The observability will be more complicated. With serverless, you're dealing with distributed, short-lived functions that can scale to hundreds of concurrent executions in seconds. Debugging that without proper instrumentation — structured logs, distributed tracing, alerting — is a bad time.

And obviously, there's lock-in. Using managed AWS services is genuinely one of the best parts of going serverless, and also the thing that makes migration expensive if you ever need it. You're making that trade whether you're aware of it or not.

Know these going in. Build with them in mind. Serverless is still worth it — just not blindly.

When Lambda is the wrong choice

Talking about trade-offs is useful, but let's make it concrete. Here are real scenarios where you should think twice before reaching for Lambda.

You need long-running, stateful processes. Video encoding, large data migrations, ML model training — anything that may hit the 15-minute limit or needs to maintain state across steps is a bad fit. You'll end up doing gymnastics with Step Functions to work around Lambda's limits, and at some point, you have to ask: Is this still simpler than just running a container?

Your workload is constant and predictable. Serverless shines when traffic is spiky or unpredictable. If you have a service that runs at steady, high volume 24/7, the pay-per-invocation model stops being cheap. At scale, a reserved EC2 instance or a Fargate service is often more cost-effective. Run the numbers before you commit.

Latency is non-negotiable. Cold starts are manageable in most cases, but if you're building something like a high-frequency trading system or a real-time gaming backend where every millisecond matters, serverless is not your friend. Provisioned Concurrency helps, but it also chips away at the cost model that made serverless attractive in the first place.

Your team is already struggling with observability. Lambda doesn't create observability problems, but it amplifies existing ones. If your team doesn't have solid practices around logging, tracing, and alerting, going serverless will make debugging feel like chasing ghosts. Get the foundation right first.

You're lifting and shifting a monolith. Taking an existing monolithic application and deploying it as a single Lambda function is almost never a good idea. You get the complexity of serverless without any of the benefits. If you're migrating, the work is in decomposing the application, which probably is not worth changing where it runs.

Serverless is more than Lambda

If you've been following the serverless conversation online — or even if you've read my book, From Zero to Production with AWS Lambda — you'd be forgiven for thinking serverless is mostly about Lambda.
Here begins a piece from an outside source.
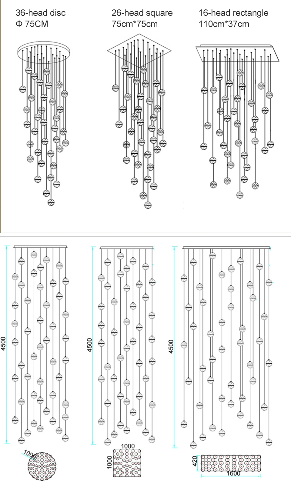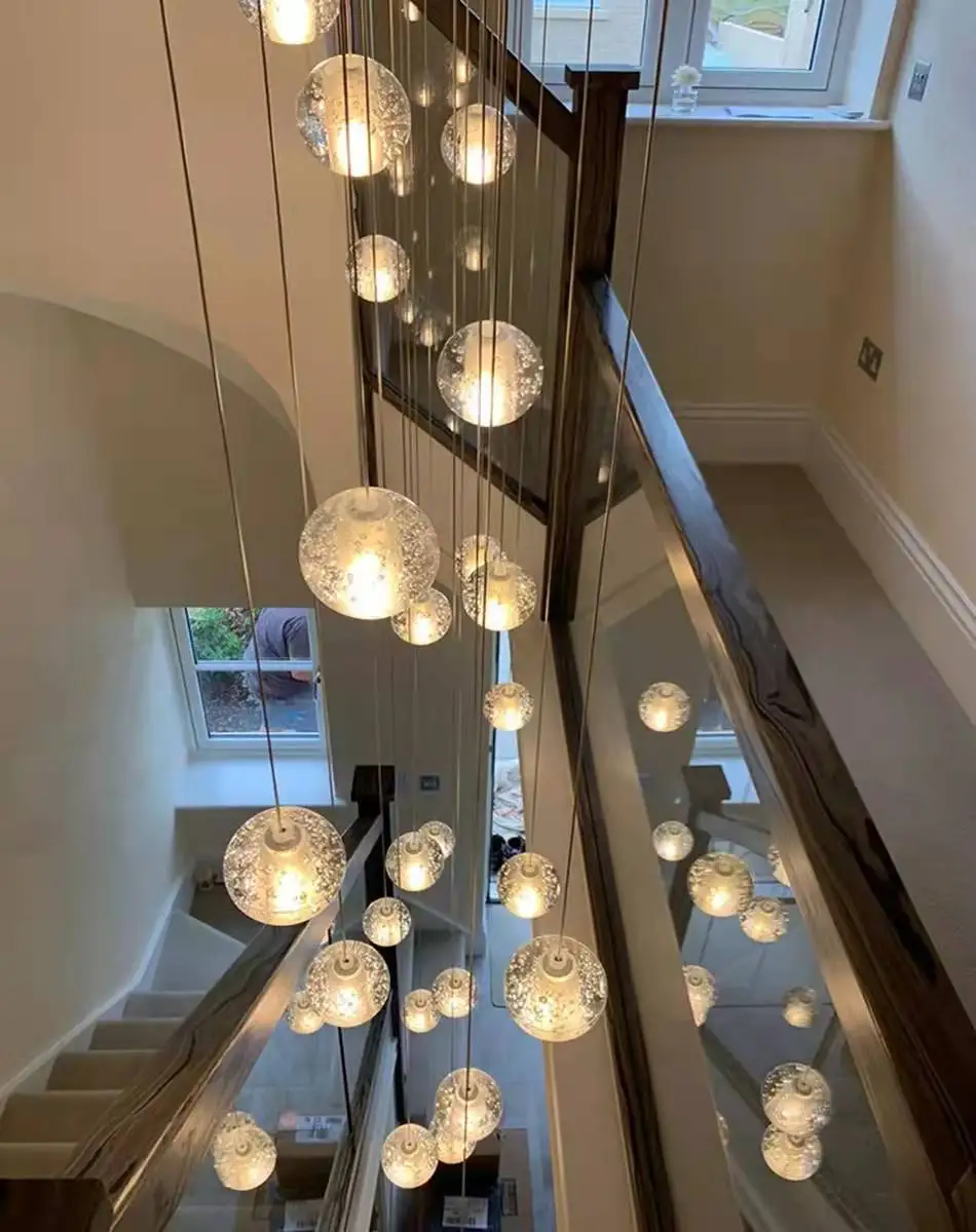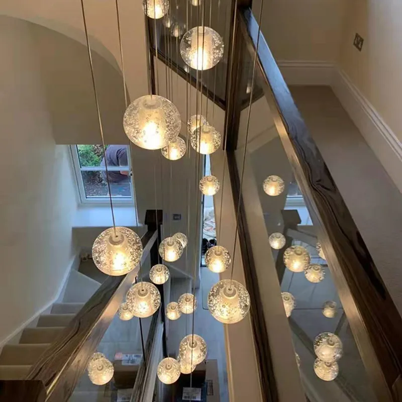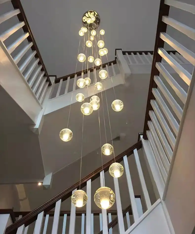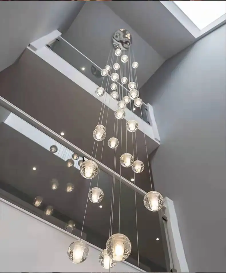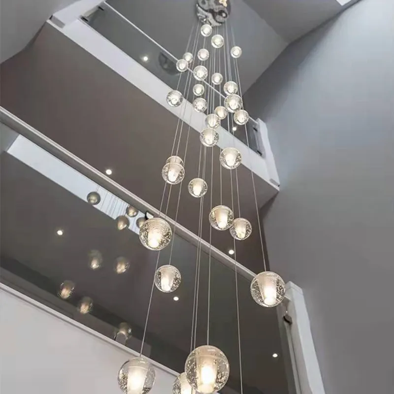 Подвесная хрустальная люстра для лестницы, длинная веревка с шариками, креативное украшение для салона ресторана, бара

Lambda gets the blog posts, the talks, the hot takes. But Lambda is just one piece of a much bigger picture.

Serverless is a model, not a service. It's about offloading infrastructure management so you can focus on your business logic. Lambda does that for compute, but the same principle applies across your entire stack.

DynamoDB is serverless. You don't manage servers, you don't provision capacity upfront, you just store data and pay for what you use. The same applies to API Gateway, S3, SQS, SNS, and EventBridge — it's all serverless. This can go on and on.

There are serverless options to enhance your stack, and some can even replace Lambdas. For instance, if you have a long-running process or predictable high-volume traffic, Fargate is a great choice. You still avoid managing servers, enjoy automatic scaling, and pay only for what you use. It's serverless, just not Lambda.

When pieces work together, that's when you unlock the real power. A file lands in S3, triggers a Lambda function, which publishes an event to EventBridge, which fans out to multiple SQS queues, each processed by a different Lambda. A heavy processing job gets handed off to Fargate. No servers. No clusters. No ops team babysitting instances at 3 am.

That's the architecture worth understanding. Lambda is the most visible part of it, but building serverless applications means thinking about the whole ecosystem — and knowing which managed service fits each job, Lambda or otherwise.